#### [Work to complete]
Below are the records; extract from them the line containing "Stimulate and detoxify" to the line containing "面条和表面厚厚一层芝士碎拌在", both lines included, exactly and with no pictures.

[[ The data open ]]

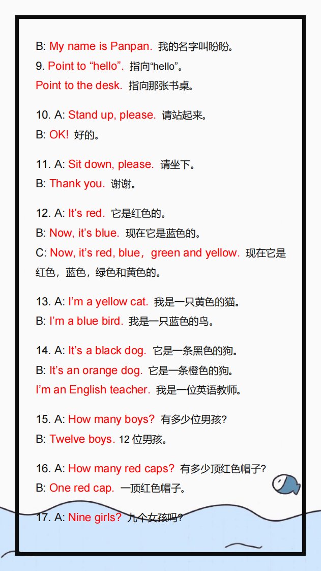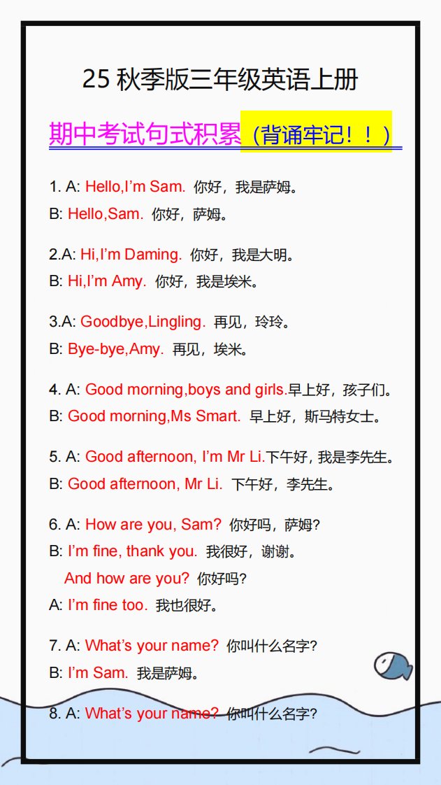 当前位置: 首页小学资源小学三年级正文 【2025秋新版】三年级英语上册期中考试句式积累,一定要掌握!_共5页 小学三年级 1 周前 0 0 5 以上为部分内容预览,如需源文档请登录您的会员账号进行下载! 声明:本站所有文章,如无特殊说明或标注,均为本站原创发布。任何个人或组织,在未征得本站同意时,禁止复制、盗用、采集、发布本站内容到任何网站、书籍等各类媒体平台。如若本站内容侵犯了原著者的合法权益,可联系我们进行处理。 尚学资源永久会员 打赏 收藏 海报 链接
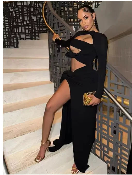 Black Luxury Evening Dresses for Women 2025 Brithday Prom Gown Sexy Hollow Out Women's Dress Fashion New Elegant Party Robe
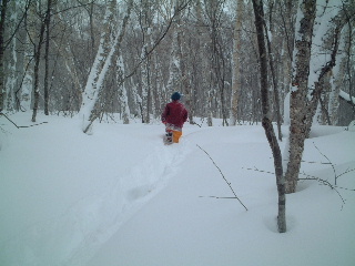 こうして一人戯れた後満足して、夫の待っているところへ戻った。自分で作った新雪のラッセル跡は崩れてなおもフカフカとしていた。
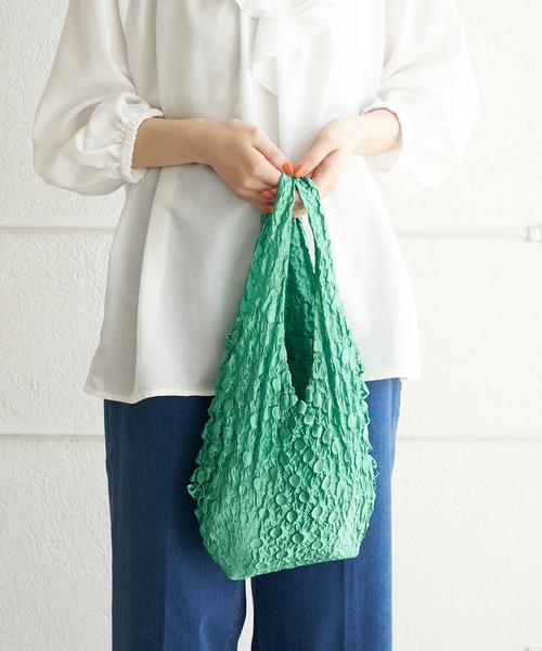 荷物に合わせて大きさが変わる! 【デザイン・シルエット】 ・中身に合わせて伸び縮みする、ストレッチエコバッグです。 ・使用してない時は小さくなるので持ち運びにも便利です。 ・立体感のある、ドット模様の素材がポイント。 ・近所のちょっとしたお出かけバッグとして、またお買物用のエコバッグとして、幅広い使い方を楽しめます 【カラー】 ・種類豊富な6色展開。 ※撮影時の光、お使いのモニター環境によって色の見え方が違う場合がございます。
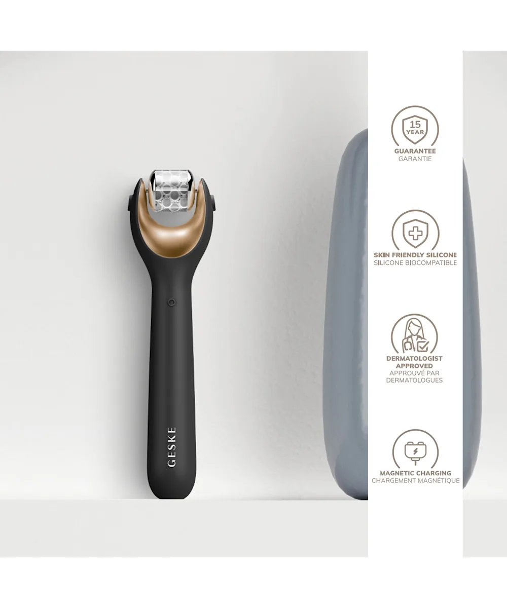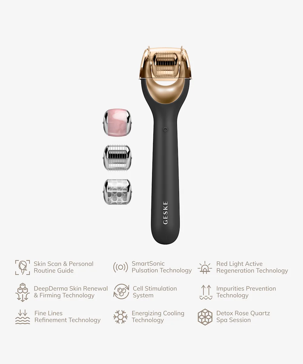 Stimulate and detoxify your skin with the GESKE MicroNeedling Facial Roller 9 in 1. Designed to make an impact in a matter of seconds, this microneedling device’s Cell Stimulation System functions as a signal to enhance the skin’s healing processes and restore itself for firmer and smoother skin. Combining DeepDerma Skin Renewal & Firming Technology with SmartSonic Pulsation Technology, this roller transmits 14, 000 sonic pulsations per minute to carefully eradicate dirt, oil, and makeup residue. With regular use, this device keeps the skin smooth and looking healthy with its Impurities Prevention and Fine Lines Refinement Technology.
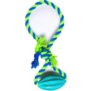 Acompanha o produto: - 1 Brinquedo Pet Dental Play para Morder Bolinha Rugbi Corda com Laço 7x30cm Garantia: - 3 meses
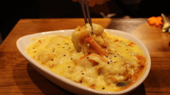 面条和表面厚厚一层芝士碎拌在一起简直是绝配,盘里还有超多年糕、蟹肉棒、贝壳和蔬菜,满足你所有的小心思,吃它的过程像在挖宝藏~
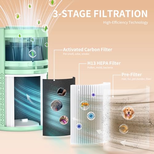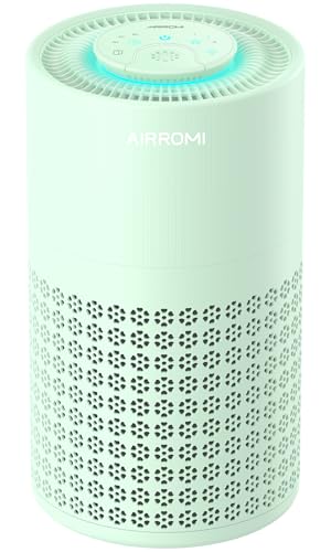 AIRROMI Air Purifier for Bedroom with HEPA 3-in-1 Filter, Pet Air Purifier for Home Cat Pee Smell, Covers Upto 990 Ft², Quiet 360°intake Air Cleaner for pet hair,allergies,Dust,Smoke A2001 Green

[[ The data closed ]]

#### [Written response]
 Stimulate and detoxify your skin with the GESKE MicroNeedling Facial Roller 9 in 1. Designed to make an impact in a matter of seconds, this microneedling device’s Cell Stimulation System functions as a signal to enhance the skin’s healing processes and restore itself for firmer and smoother skin. Combining DeepDerma Skin Renewal & Firming Technology with SmartSonic Pulsation Technology, this roller transmits 14, 000 sonic pulsations per minute to carefully eradicate dirt, oil, and makeup residue. With regular use, this device keeps the skin smooth and looking healthy with its Impurities Prevention and Fine Lines Refinement Technology.
 Acompanha o produto: - 1 Brinquedo Pet Dental Play para Morder Bolinha Rugbi Corda com Laço 7x30cm Garantia: - 3 meses
 面条和表面厚厚一层芝士碎拌在一起简直是绝配,盘里还有超多年糕、蟹肉棒、贝壳和蔬菜,满足你所有的小心思,吃它的过程像在挖宝藏~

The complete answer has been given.